[TASK DESCRIPTION]: Below this line are records; transcribe exactly the lines between the one holding "Вальмовая черепица применяется" and the one holding "アガルートアカデミーでは、今", inclusive, and omit the pictures.

[MATERIAL SHOWN]:
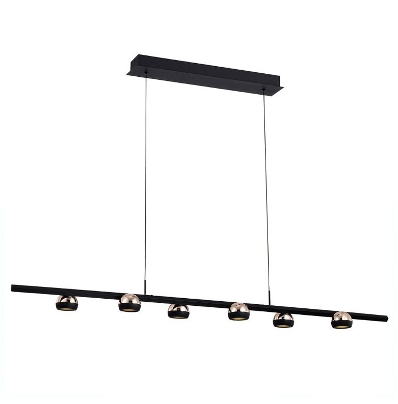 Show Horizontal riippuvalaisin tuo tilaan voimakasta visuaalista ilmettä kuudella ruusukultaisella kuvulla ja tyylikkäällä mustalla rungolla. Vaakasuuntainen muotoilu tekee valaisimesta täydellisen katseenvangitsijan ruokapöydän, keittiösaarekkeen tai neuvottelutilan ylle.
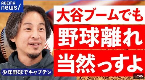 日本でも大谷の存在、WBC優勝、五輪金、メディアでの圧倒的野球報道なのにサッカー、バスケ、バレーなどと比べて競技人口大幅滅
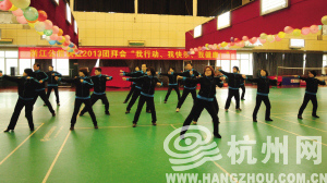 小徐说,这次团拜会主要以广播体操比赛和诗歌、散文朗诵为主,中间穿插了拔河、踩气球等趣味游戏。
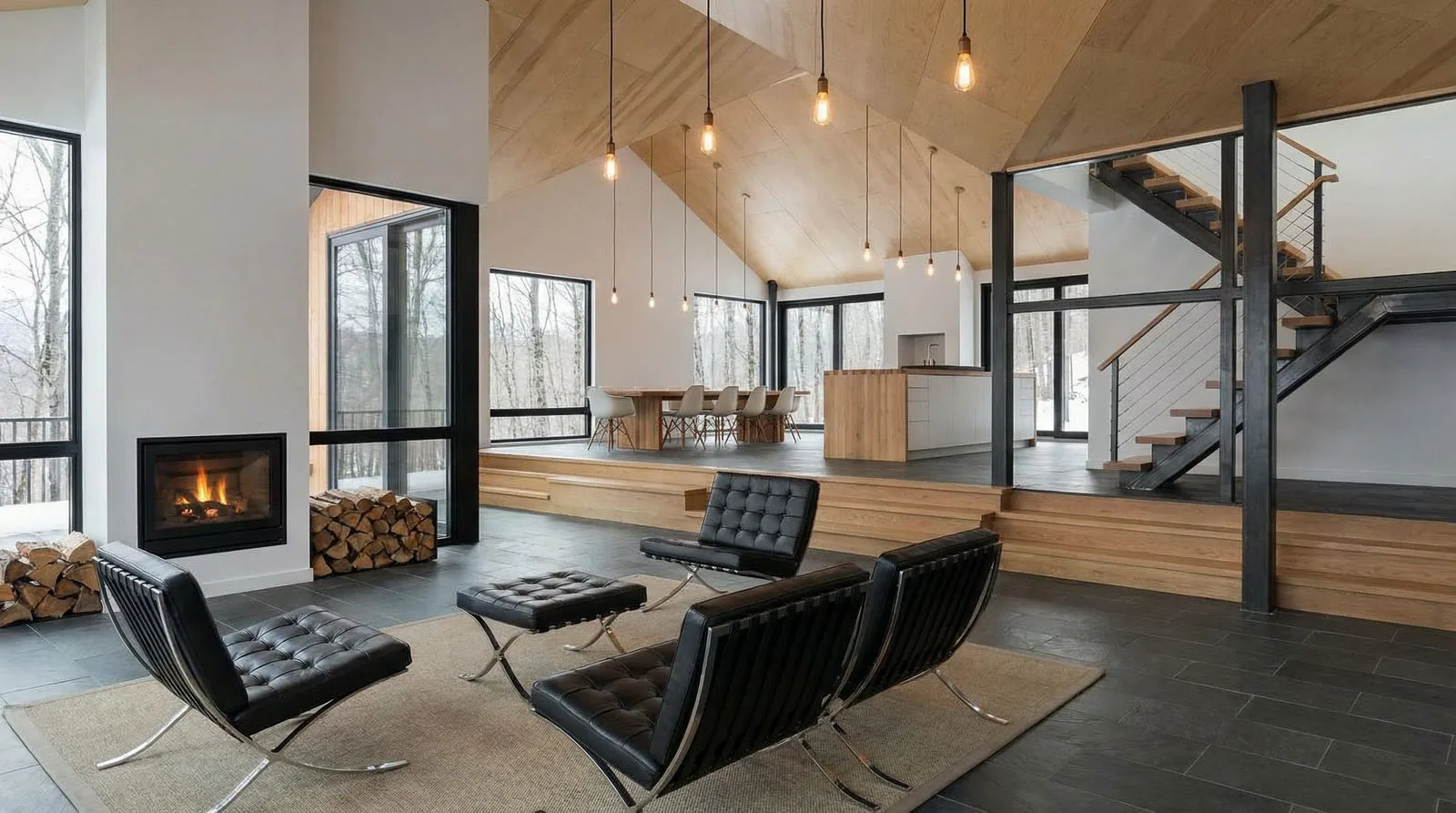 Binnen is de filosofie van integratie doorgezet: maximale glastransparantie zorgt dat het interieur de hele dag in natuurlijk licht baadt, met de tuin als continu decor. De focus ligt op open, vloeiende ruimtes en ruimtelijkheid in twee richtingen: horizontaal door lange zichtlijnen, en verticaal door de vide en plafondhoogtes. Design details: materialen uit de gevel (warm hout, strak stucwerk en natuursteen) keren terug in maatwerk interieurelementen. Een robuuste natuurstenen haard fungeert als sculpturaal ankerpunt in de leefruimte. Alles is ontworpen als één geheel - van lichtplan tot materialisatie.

* * *

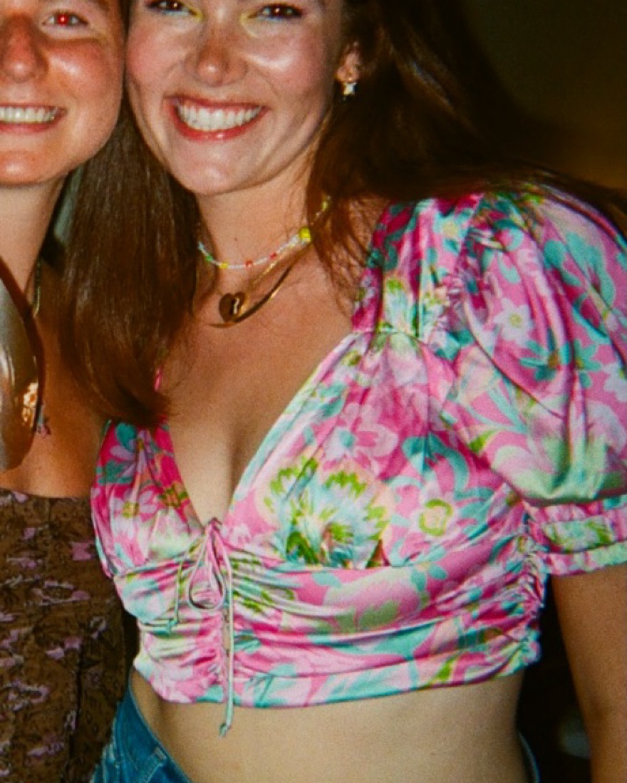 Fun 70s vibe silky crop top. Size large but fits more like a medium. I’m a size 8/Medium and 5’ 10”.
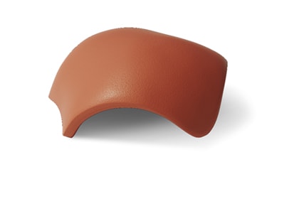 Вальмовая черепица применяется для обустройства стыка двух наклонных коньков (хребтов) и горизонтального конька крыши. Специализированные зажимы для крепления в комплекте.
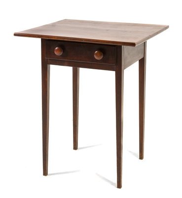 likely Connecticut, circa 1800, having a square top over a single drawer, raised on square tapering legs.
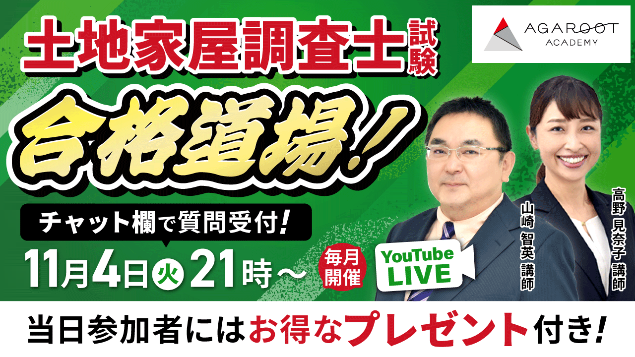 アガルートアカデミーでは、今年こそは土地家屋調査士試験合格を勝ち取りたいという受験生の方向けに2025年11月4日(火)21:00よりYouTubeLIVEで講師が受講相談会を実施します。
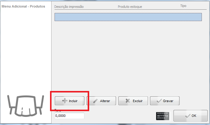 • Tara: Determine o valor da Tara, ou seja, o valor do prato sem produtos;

* * *

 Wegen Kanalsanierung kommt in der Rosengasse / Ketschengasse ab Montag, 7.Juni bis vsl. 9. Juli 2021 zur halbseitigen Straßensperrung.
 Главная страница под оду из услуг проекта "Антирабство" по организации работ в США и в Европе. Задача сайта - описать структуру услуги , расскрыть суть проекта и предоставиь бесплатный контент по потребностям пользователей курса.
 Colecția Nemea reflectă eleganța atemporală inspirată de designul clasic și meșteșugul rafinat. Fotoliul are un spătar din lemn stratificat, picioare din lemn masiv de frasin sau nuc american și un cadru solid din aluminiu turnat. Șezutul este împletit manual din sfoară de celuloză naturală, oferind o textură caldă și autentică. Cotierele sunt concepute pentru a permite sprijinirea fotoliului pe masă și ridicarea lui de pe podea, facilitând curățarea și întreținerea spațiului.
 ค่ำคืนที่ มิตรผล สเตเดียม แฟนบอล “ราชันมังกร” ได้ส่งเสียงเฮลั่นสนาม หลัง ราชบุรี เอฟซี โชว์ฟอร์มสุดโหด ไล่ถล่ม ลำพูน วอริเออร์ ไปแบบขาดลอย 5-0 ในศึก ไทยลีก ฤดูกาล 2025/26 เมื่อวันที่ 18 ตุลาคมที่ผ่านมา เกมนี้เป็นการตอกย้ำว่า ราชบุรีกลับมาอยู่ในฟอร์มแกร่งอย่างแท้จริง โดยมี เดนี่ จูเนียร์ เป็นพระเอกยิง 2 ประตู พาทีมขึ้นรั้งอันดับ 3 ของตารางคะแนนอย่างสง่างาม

[SOLUTION TO THIS EXERCISE]:
 Вальмовая черепица применяется для обустройства стыка двух наклонных коньков (хребтов) и горизонтального конька крыши. Специализированные зажимы для крепления в комплекте.
 likely Connecticut, circa 1800, having a square top over a single drawer, raised on square tapering legs.
 アガルートアカデミーでは、今年こそは土地家屋調査士試験合格を勝ち取りたいという受験生の方向けに2025年11月4日(火)21:00よりYouTubeLIVEで講師が受講相談会を実施します。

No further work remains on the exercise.